Being completely helpless and often unconscious, the sailor was totally reliant on the other crew members to save him, and he was said to be over a barrel. To have the bit between your teeth means to take control of a situation, and it has origins in horse racing. The bit is derived from the old English word meaning bite and is the mouthpiece in a horse's bridle that is used to control the horse's movements. When a horse is being ridden normally, the reins press the bit against the soft part of the horse's mouth, causing him to turn his head. But if the horse grabs it so that the bit is between his teeth, it takes the control away from the rider and the reins have no effect.

The horse can then run freely however it chooses. This expression was being used by the late 1600s. When someone says head over heels, it generally means that they're completely in love, and this expression began in the 14th century and actually began as heels overhead. And this in fact made more logical sense as it meant to be upside down or to be so excited that you turn your heels over your head in a cartwheel or somersault. The phrase then became inverted towards the end of the 18th century when Herbert Lawrence used it mistakenly in a novel The Condemplative Man.

But it was the incorrect usage by Davy Crockett in 1834 that cemented the expression to the one we use today and gave it romantic connotations when he said, I soon found myself head over heels in love with this girl. To say here here is a strong signal of encouragement or endorsement, and that expression began with the British Parliament in the late 17th century. In both the House of Commons and the House of Lords there, if anyone disagreed with a speaker, they would hum loudly to try to drown out the speech. But if other members were in agreement with what was being said, they would shout, hear him, hear him, in an attempt to make those humming men actually listen. That was later contracted to hear here, and it is still used in Parliament today in England to signify the listener's agreement with the point being made.

It is also thought to be said because applause is generally forbidden in the British Parliament. To hedge your bets means to support one or more person or outcome to minimise the possibility of losing. And that expression originated in the 17th century in England where landowners at the time would enclose pieces of their land by planting a row of trees and then pruning them to form a hedge. These hedges were normally made from the spiny hawthorn bush which formed an impenetrable barrier.
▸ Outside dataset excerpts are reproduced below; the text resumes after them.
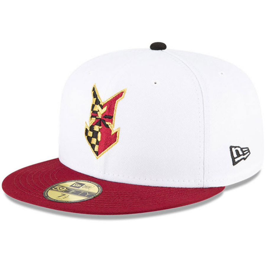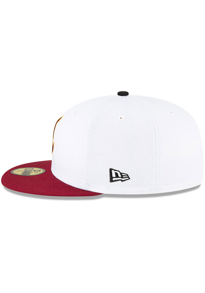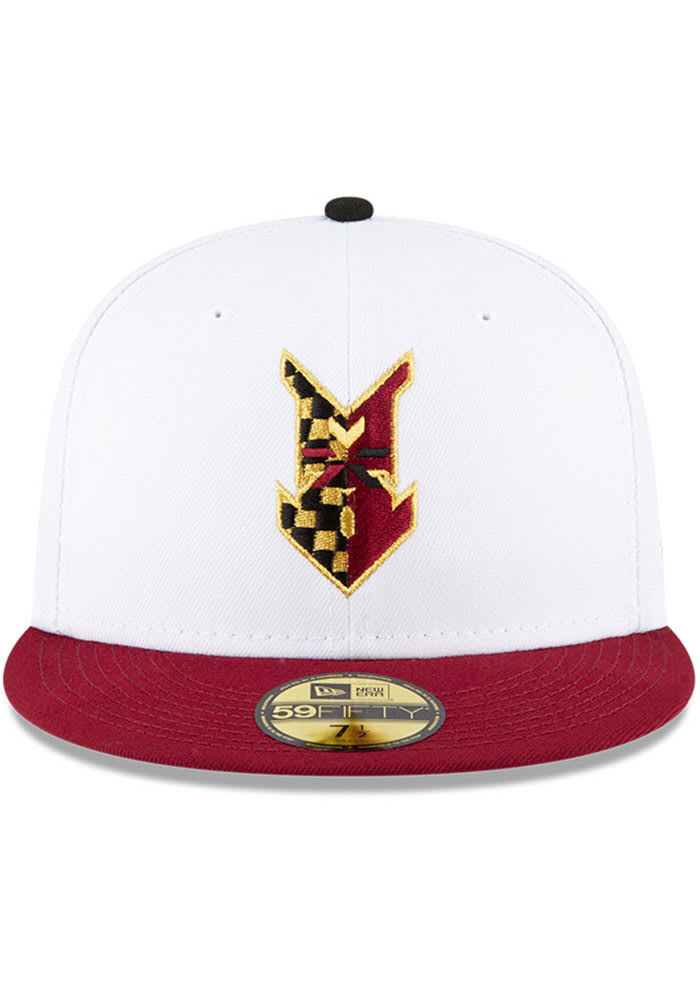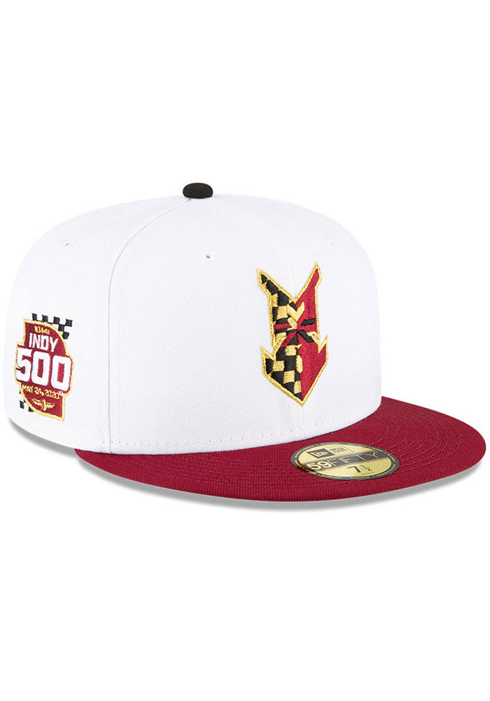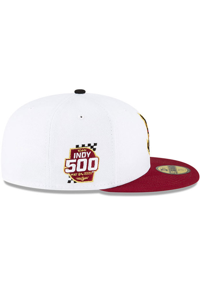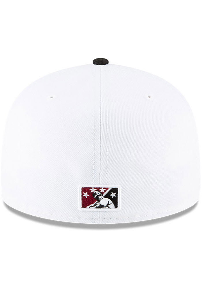 This New Era Indianapolis Indians 59FIFTY fitted hat has a white six panel structured high crown and embroidered eyelets with a black fabric squatchee button. The flat bill of the fitted is crimson. The front panel features the Indianapolis Indians logo embroidery and the official MiLB logo embroidered on the back of the crown.
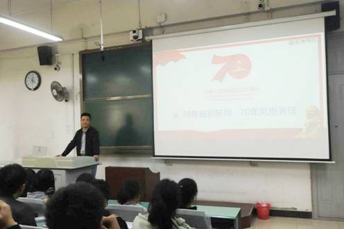 为庆祝中华人民共和国成立70华诞,XCSport于10月21日下午4:00,在南校区A205以“70年披荆斩棘,70年风雨兼程”为主题开展主题党课,主讲人为公司党委副书记田雨。参加本次主题党课的有:各班班干部,员工组织主要干部,各辅导员老师。
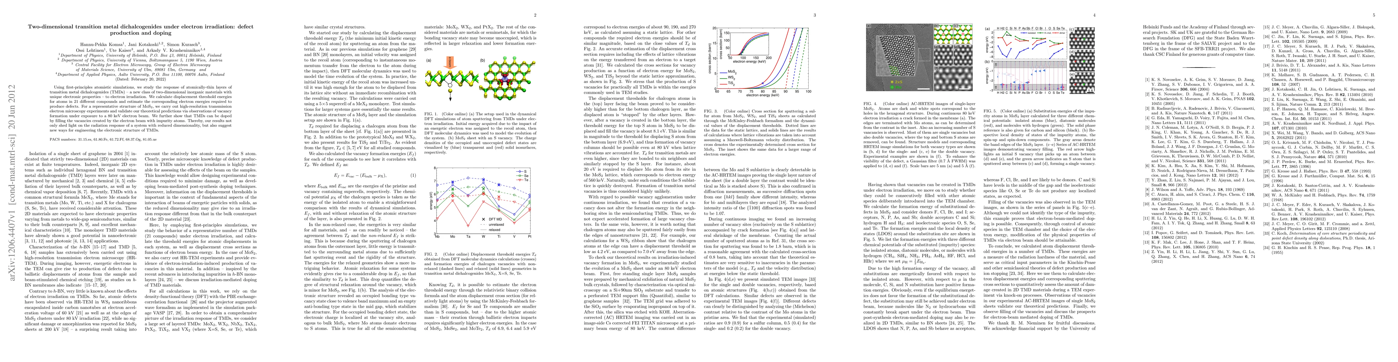 This paper uses first-principles simulations to investigate defect formation in 2D transition metal dichalcogenides (TMDs) under electron irradiation, identifying threshold energies for atomic displacements. Experimental validation via high-resolution microscopy confirms theoretical predictions of vacancy formation in MoS2, and demonstrates the potential for doping TMDs by introducing impurity atoms into created vacancies.
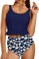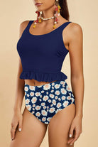 Traje de baño de dos piezas con top de tirantes anchos y detalle de volantes en la parte inferior, acompañado de un diseño con espalda cruzada ajustable. La parte inferior es de corte alto y estampado de flores, ofreciendo un estilo femenino y cómodo.
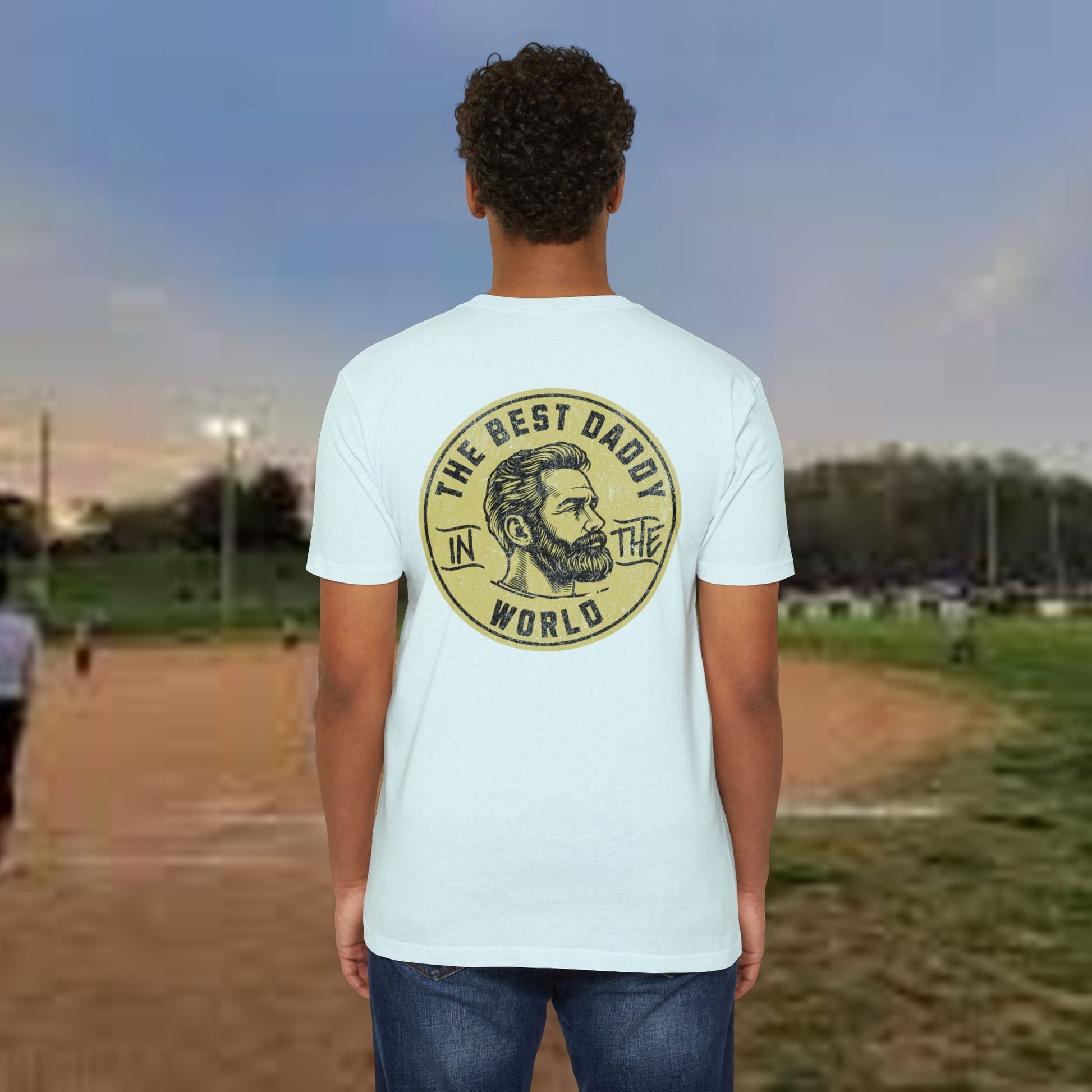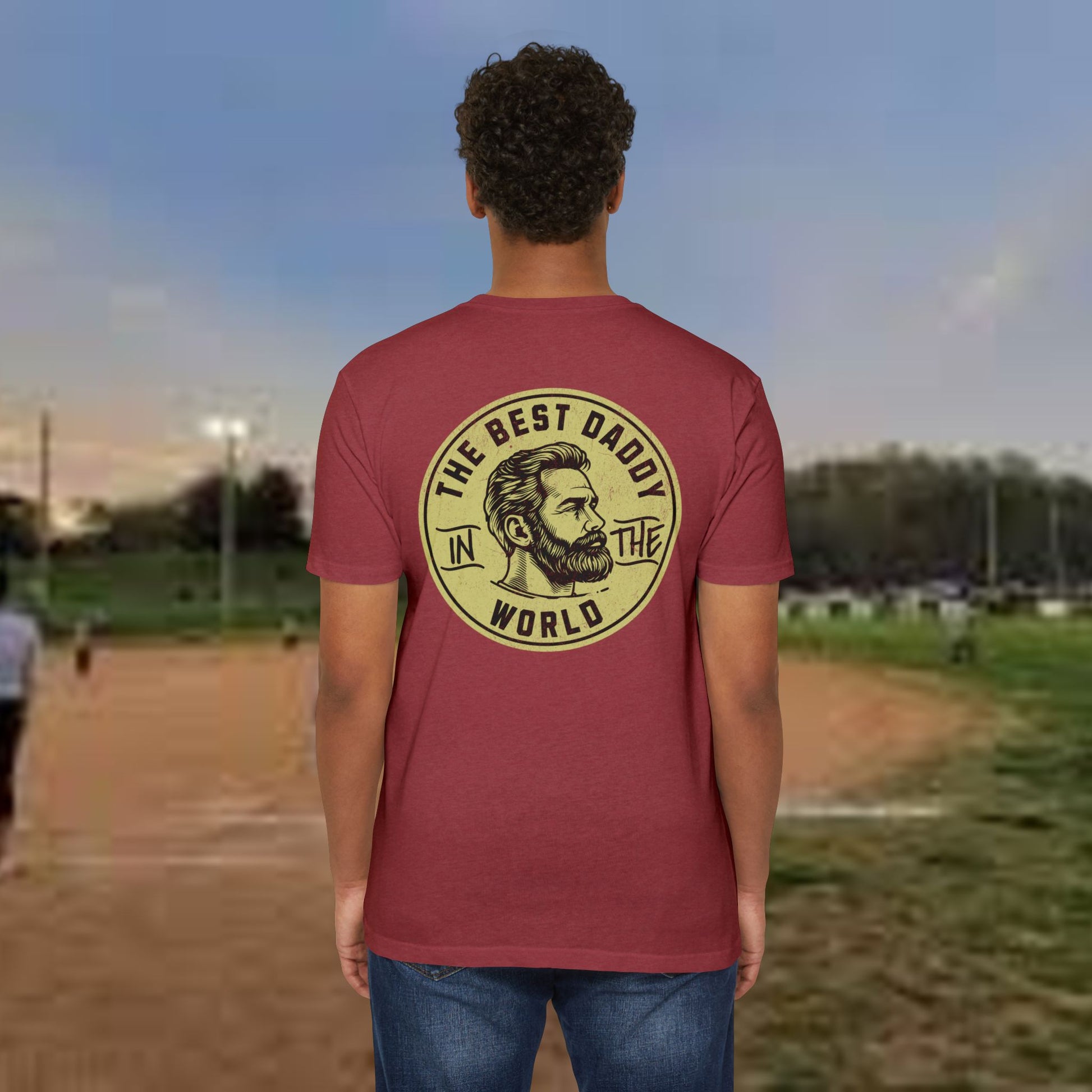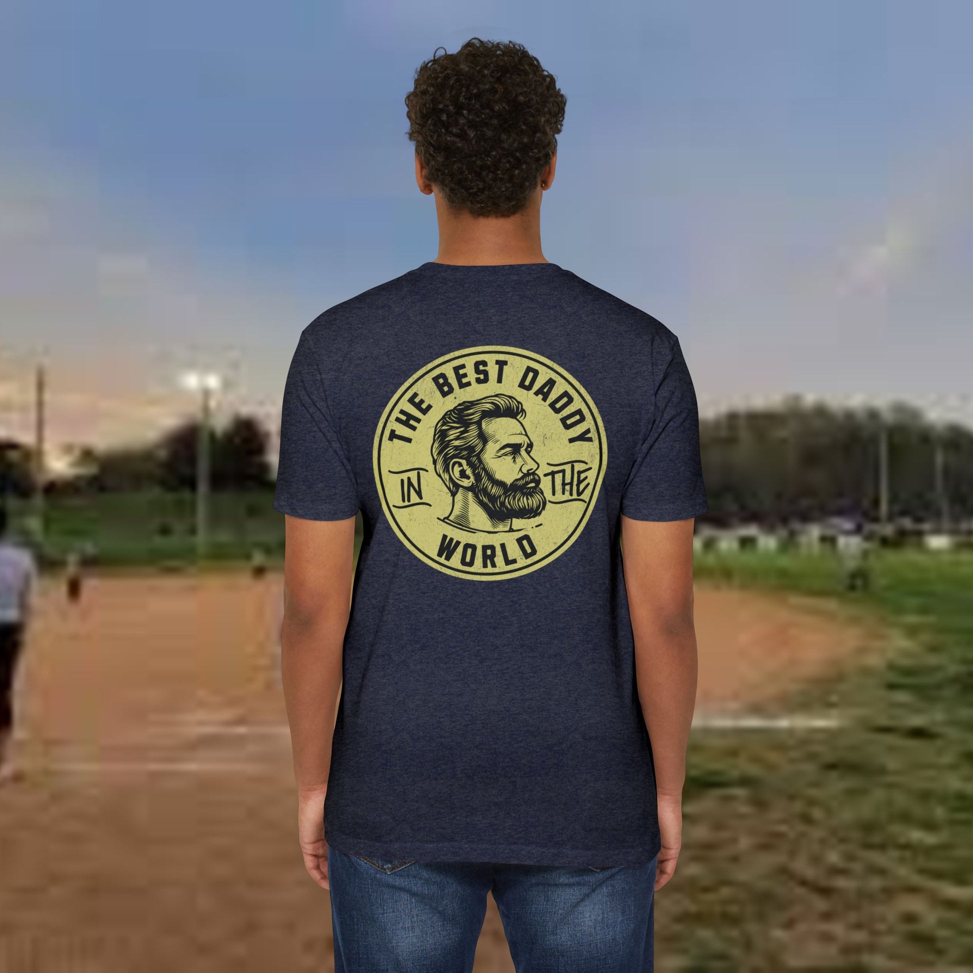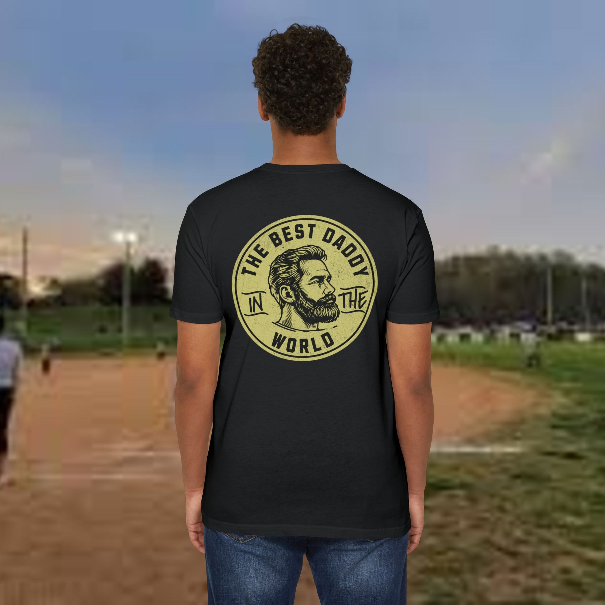 The classic distressed badge design features a bearded, rugged gentleman (just like dad), surrounded by the proud declaration: “The Best Daddy in the World.” Whether he's at the ball field, grilling, or just doing dad things, this shirt makes the perfect gift for Father’s Day, birthdays, or any day you want to show love and honor.

This method acted as a means of protecting against escaping animals.

The hedges made the farmer's land more secure and limited the risk. The expression was first used by John Donne in 1607. The expression hell bent for leather means to go all out or willing to do anything to achieve a goal, and it relates to horse riding.

The word bent means to be determined, as in bent on doing something. To ride a horse aggressively for long distances can push it to injury or even death. With either result, the horse is rendered useless and is destined to be skinned for leather.

Someone who pushed a horse to those extremes would be said to be hell bent on turning it into leather. High jinx relates to excited or silly behaviour when people are enjoying themselves. And that expression was originally the name of a drinking game that was popular in Scotland in the 1700s. In the game dice were thrown and the players were scored.

The loser could either forfeit or drink a potent cocktail of alcohol which was likely to make him drunk and foolish. Walter Scott referred to the game in his 1815 book Guy Mannering and the phrase had acquired its present meaning by the mid 1800s. To hit the ground running means to get off to a quick and successful start or to seize an opportunity. Many believe that the expression originated from the two world wars where soldiers were trained to hit the ground running when leaving a moving boat, tank or aircraft.

This allowed the soldier to land on the ground smoothly using the momentum of the craft so as to not lose his footing. The more likely origin of the phrase though was from stowaways jumping off a moving freight train before it entered the station. The expression existed well before the 20th century so this is likely the origin of the expression.

Others think it came from the pony express mail riders of the 1800s who were avoiding delays when they changed mounts so they'd jump off and hit the ground running. To hold a candle means to be far inferior to someone or something else and it's generally used in this sense of he couldn't hold a candle to you. And it dates back to the time before electricity. Usually expressed as, as I said, not fit to hold a candle, couldn't hold a candle. Unskilled workers or apprentices were expected to hold a candle so that the more experienced craftsmen had light while they did their work.

Holding a candle was obviously not a very challenging role so being told that you were not even fit to do that task placed you at the very bottom of the pecking order and as vastly inferior to the craftsmen at work. Hold the fort means to maintain things in the absence of others and it owes its origins to the American Civil War. During the Battle of Allatuna in 1864, General William Sherman was gathering his army atop Mount Kennesaw near Atlanta to fight a Confederate troop.

He told General Corse that reinforcements were being mounted and to hold the fort at all costs for I am coming. Whilst Sherman immortalised the phrase, it earned widespread acclaim in the late 1800s when the American composer and popular evangelist, Philip Bliss, wrote the gospel song Hold the Fort. Hunky Dory, which means everything is fine and okay, is an expression with strange origins. It began with a group of American sailors in the 19th century.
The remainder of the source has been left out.